* _Excerpted records_:

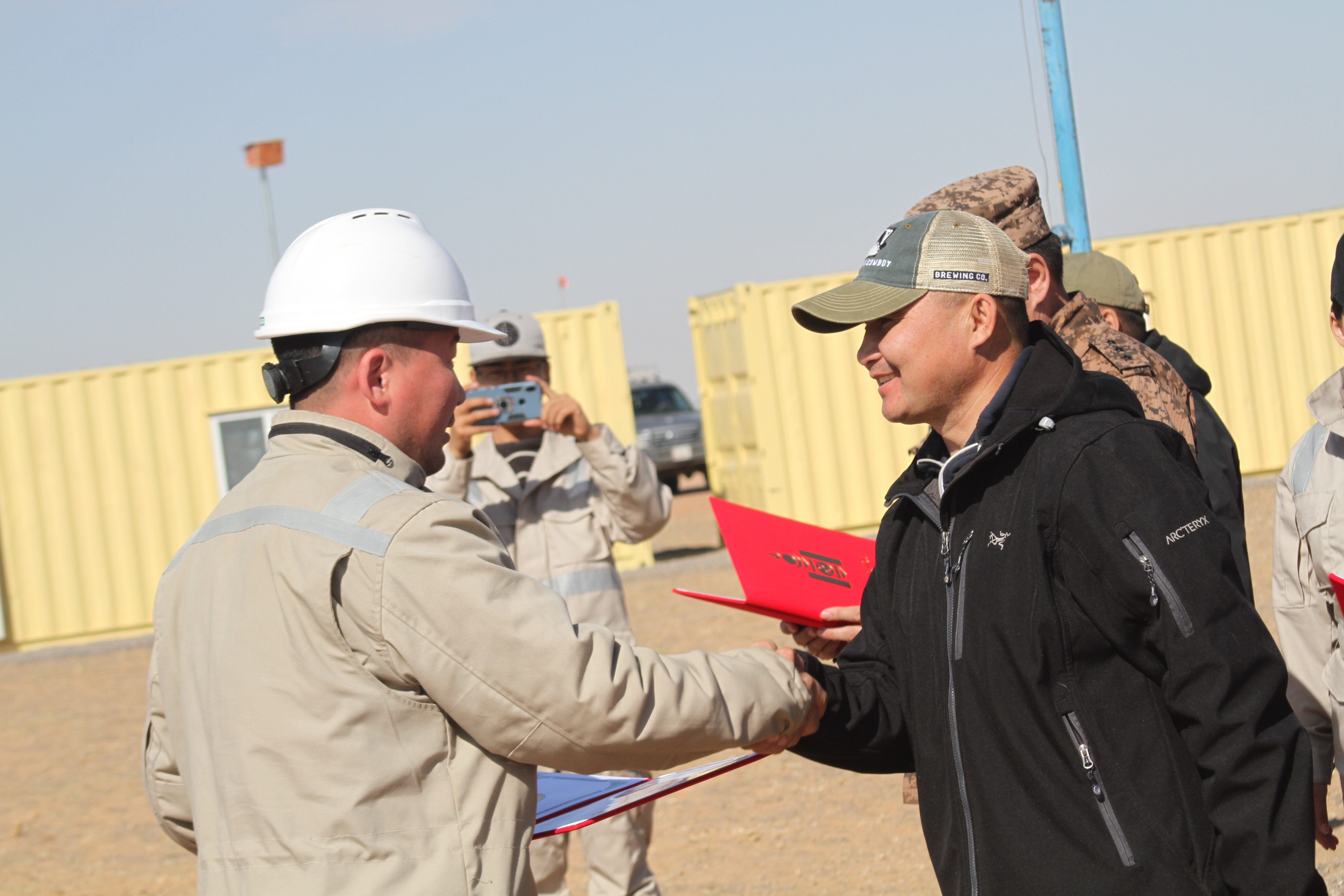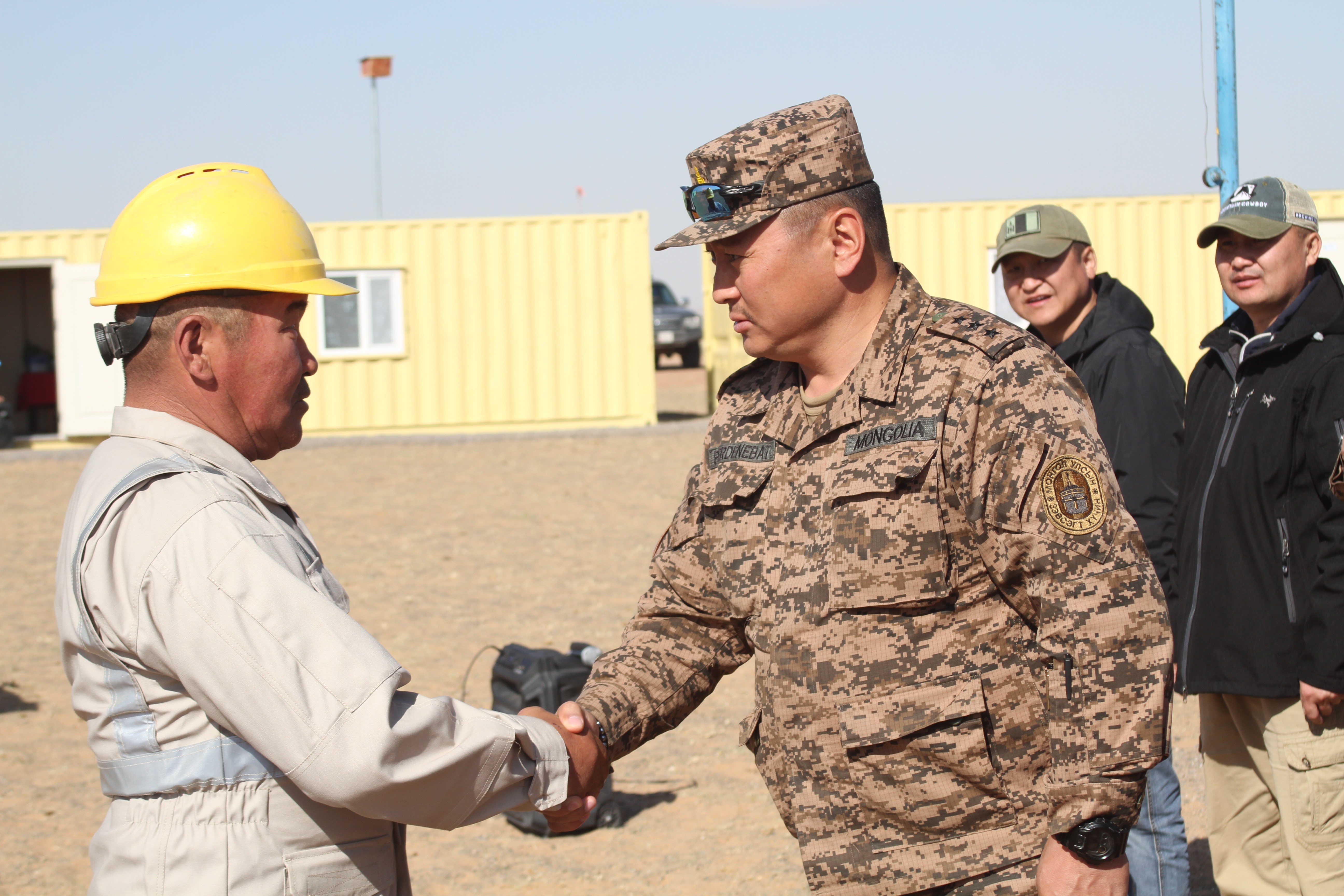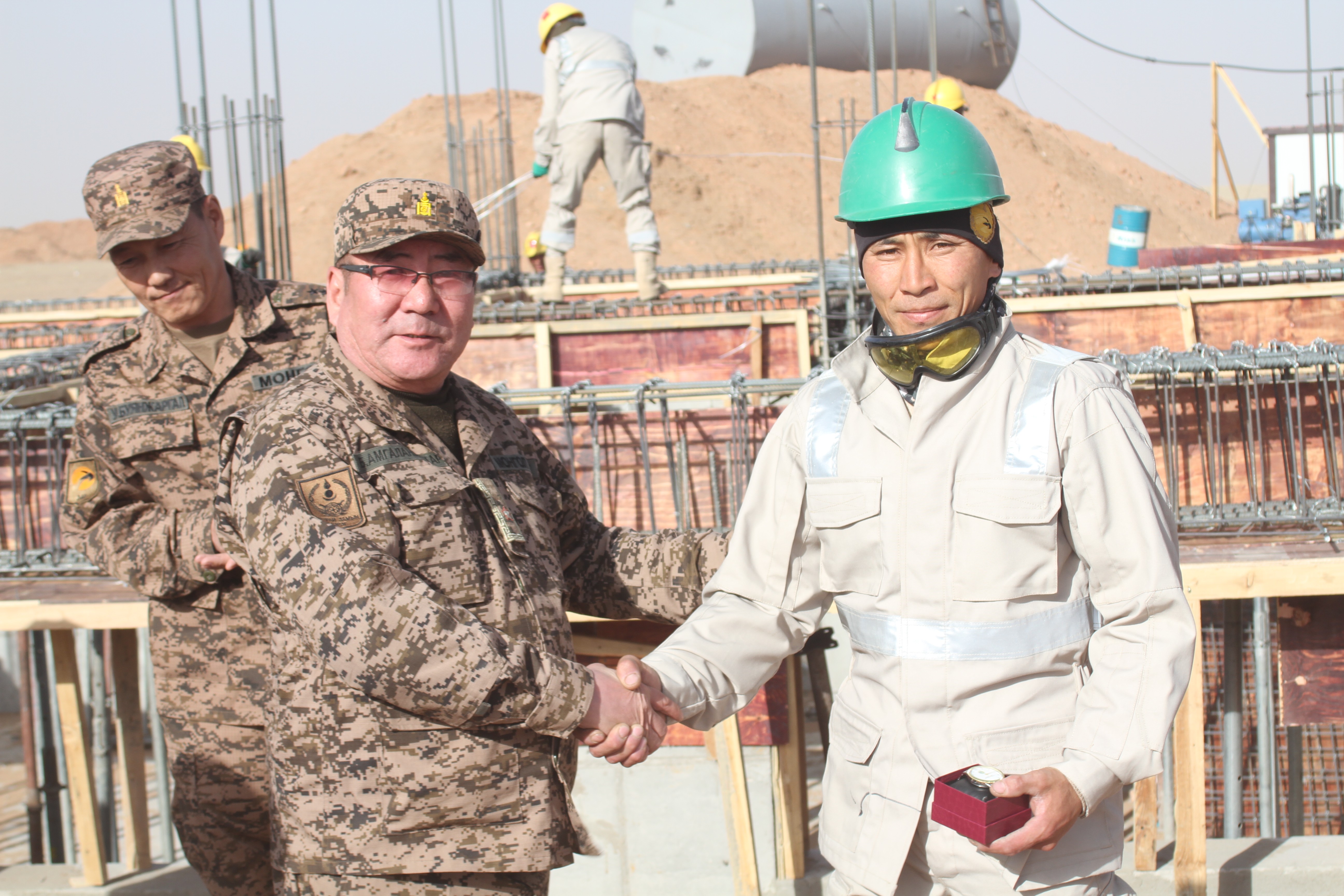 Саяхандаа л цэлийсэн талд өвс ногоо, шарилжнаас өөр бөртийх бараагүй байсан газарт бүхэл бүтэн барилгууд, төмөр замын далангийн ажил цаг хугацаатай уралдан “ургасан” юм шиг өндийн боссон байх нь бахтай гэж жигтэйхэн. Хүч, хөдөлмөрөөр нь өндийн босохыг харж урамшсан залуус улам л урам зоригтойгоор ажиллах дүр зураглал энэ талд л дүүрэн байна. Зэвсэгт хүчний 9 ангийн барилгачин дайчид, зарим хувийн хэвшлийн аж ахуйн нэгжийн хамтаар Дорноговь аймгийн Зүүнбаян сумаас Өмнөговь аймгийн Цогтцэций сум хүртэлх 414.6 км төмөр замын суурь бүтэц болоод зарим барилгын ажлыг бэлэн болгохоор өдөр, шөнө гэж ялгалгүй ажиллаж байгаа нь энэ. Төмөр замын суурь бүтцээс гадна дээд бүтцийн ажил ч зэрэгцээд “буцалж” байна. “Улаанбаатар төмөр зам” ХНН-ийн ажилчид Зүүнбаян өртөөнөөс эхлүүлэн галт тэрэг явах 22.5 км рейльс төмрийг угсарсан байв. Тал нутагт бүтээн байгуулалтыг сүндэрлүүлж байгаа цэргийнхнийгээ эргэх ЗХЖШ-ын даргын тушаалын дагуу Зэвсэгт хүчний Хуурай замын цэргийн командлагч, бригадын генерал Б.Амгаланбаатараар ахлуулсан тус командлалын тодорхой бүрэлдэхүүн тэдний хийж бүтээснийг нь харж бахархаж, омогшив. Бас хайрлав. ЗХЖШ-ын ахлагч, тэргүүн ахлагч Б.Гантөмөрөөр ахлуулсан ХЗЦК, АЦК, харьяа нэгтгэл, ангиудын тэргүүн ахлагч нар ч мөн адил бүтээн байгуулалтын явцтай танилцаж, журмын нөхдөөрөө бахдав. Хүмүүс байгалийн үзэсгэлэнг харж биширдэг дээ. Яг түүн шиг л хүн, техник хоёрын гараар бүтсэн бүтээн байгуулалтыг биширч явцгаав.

* * *

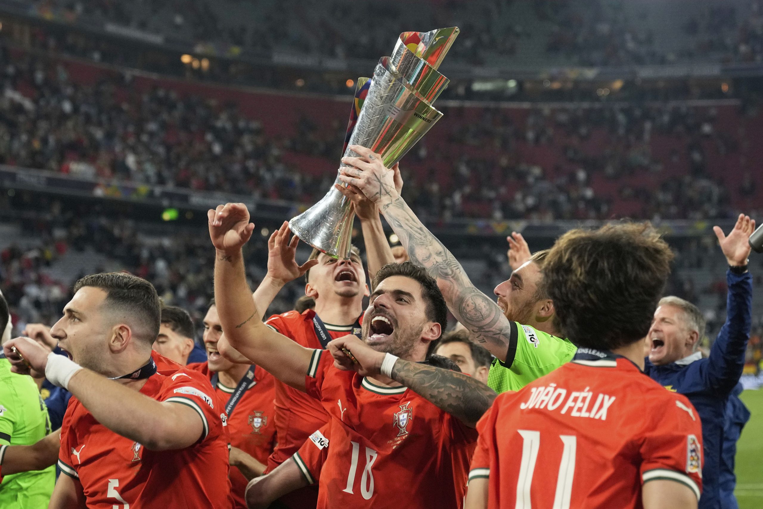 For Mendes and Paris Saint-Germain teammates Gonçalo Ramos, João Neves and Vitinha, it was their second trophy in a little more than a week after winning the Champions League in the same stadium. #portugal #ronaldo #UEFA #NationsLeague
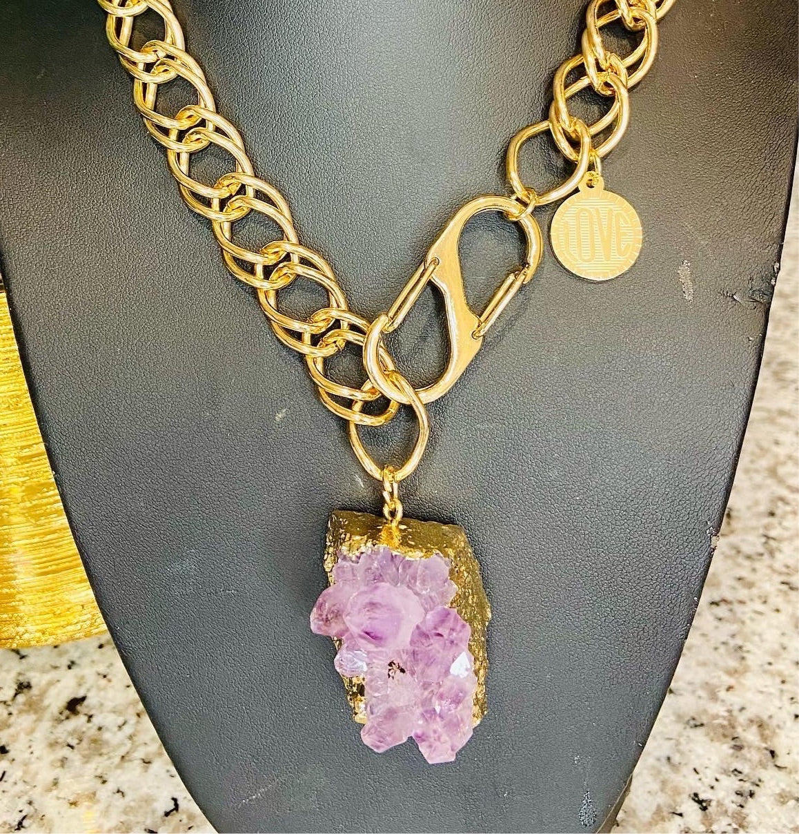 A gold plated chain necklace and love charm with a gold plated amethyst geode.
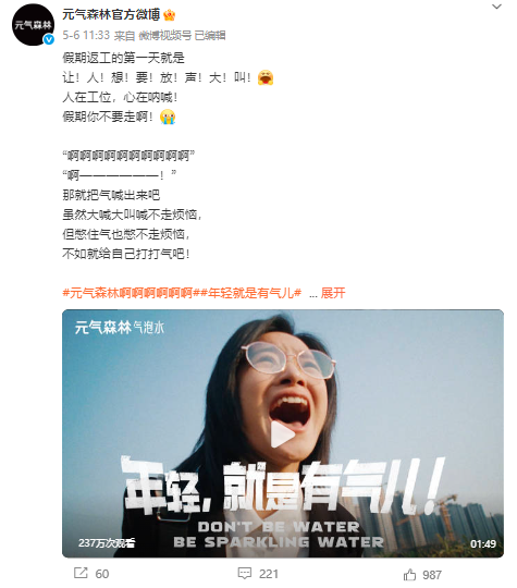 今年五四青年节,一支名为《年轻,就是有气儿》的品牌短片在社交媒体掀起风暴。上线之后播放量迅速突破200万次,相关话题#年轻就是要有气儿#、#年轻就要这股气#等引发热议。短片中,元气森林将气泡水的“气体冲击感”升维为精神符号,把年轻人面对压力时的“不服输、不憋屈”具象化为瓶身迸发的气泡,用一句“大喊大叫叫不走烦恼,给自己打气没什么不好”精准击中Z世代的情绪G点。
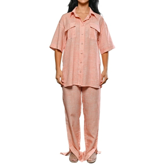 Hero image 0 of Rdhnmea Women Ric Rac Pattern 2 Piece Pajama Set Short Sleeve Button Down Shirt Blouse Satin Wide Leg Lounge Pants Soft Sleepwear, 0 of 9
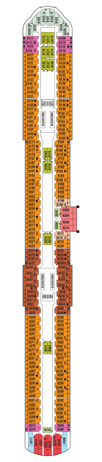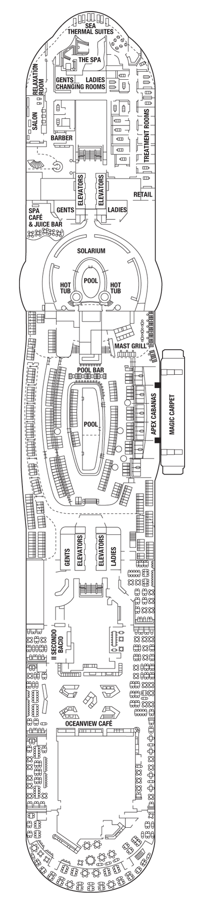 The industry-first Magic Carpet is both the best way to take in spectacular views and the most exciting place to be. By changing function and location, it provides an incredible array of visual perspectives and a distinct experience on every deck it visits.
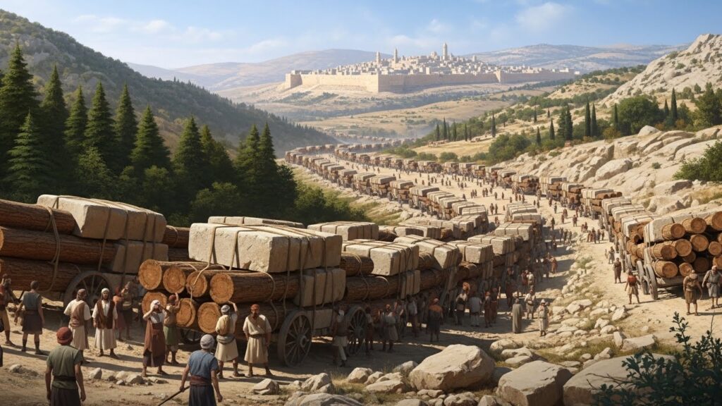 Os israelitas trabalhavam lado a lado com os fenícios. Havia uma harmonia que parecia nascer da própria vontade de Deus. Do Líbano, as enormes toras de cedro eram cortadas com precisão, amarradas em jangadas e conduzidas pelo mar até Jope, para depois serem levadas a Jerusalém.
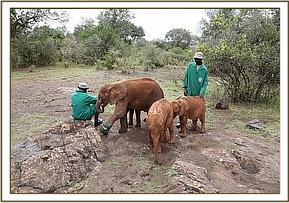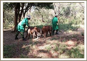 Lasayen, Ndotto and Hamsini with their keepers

...

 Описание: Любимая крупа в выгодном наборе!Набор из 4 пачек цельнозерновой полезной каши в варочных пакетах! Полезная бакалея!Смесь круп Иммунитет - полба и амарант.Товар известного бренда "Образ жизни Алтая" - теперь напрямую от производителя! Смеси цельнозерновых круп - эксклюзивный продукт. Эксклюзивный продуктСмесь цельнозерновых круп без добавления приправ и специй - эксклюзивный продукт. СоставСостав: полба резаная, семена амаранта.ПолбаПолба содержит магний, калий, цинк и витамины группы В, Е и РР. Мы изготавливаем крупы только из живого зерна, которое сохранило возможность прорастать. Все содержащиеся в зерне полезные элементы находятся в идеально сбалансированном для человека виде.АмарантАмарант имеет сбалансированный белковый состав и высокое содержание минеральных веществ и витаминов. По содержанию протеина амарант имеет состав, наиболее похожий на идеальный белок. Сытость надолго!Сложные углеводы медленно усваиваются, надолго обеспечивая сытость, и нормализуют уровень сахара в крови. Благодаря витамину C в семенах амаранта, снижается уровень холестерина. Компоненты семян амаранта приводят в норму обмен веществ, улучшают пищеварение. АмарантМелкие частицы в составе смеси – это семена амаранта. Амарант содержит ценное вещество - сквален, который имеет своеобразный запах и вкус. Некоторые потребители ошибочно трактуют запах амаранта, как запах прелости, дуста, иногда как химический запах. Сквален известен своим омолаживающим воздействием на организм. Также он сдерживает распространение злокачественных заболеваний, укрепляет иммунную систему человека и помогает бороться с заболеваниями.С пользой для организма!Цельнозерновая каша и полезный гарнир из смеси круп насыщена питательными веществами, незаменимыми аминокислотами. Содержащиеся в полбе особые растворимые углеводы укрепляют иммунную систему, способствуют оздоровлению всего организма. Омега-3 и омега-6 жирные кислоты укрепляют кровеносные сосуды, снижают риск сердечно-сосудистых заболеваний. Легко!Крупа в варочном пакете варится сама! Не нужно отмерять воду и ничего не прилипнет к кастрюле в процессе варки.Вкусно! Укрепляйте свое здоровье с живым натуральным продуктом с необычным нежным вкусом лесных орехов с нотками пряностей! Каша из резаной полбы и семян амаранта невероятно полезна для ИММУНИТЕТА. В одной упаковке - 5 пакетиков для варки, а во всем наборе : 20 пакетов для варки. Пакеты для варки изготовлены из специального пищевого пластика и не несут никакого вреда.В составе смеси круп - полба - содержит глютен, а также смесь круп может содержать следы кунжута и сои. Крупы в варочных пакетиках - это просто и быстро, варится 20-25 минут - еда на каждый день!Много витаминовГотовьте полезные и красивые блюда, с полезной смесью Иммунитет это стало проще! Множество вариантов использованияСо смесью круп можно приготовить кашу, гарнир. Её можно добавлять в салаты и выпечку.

* _Your assignment_:
Print the line above containing "Hero image 0", the line containing "Lasayen, Ndotto and", and everything between them, exactly as written. Pictures stay out.

* _Solution for this exercise_:
 Hero image 0 of Rdhnmea Women Ric Rac Pattern 2 Piece Pajama Set Short Sleeve Button Down Shirt Blouse Satin Wide Leg Lounge Pants Soft Sleepwear, 0 of 9
 The industry-first Magic Carpet is both the best way to take in spectacular views and the most exciting place to be. By changing function and location, it provides an incredible array of visual perspectives and a distinct experience on every deck it visits.
 Os israelitas trabalhavam lado a lado com os fenícios. Havia uma harmonia que parecia nascer da própria vontade de Deus. Do Líbano, as enormes toras de cedro eram cortadas com precisão, amarradas em jangadas e conduzidas pelo mar até Jope, para depois serem levadas a Jerusalém.
 Lasayen, Ndotto and Hamsini with their keepers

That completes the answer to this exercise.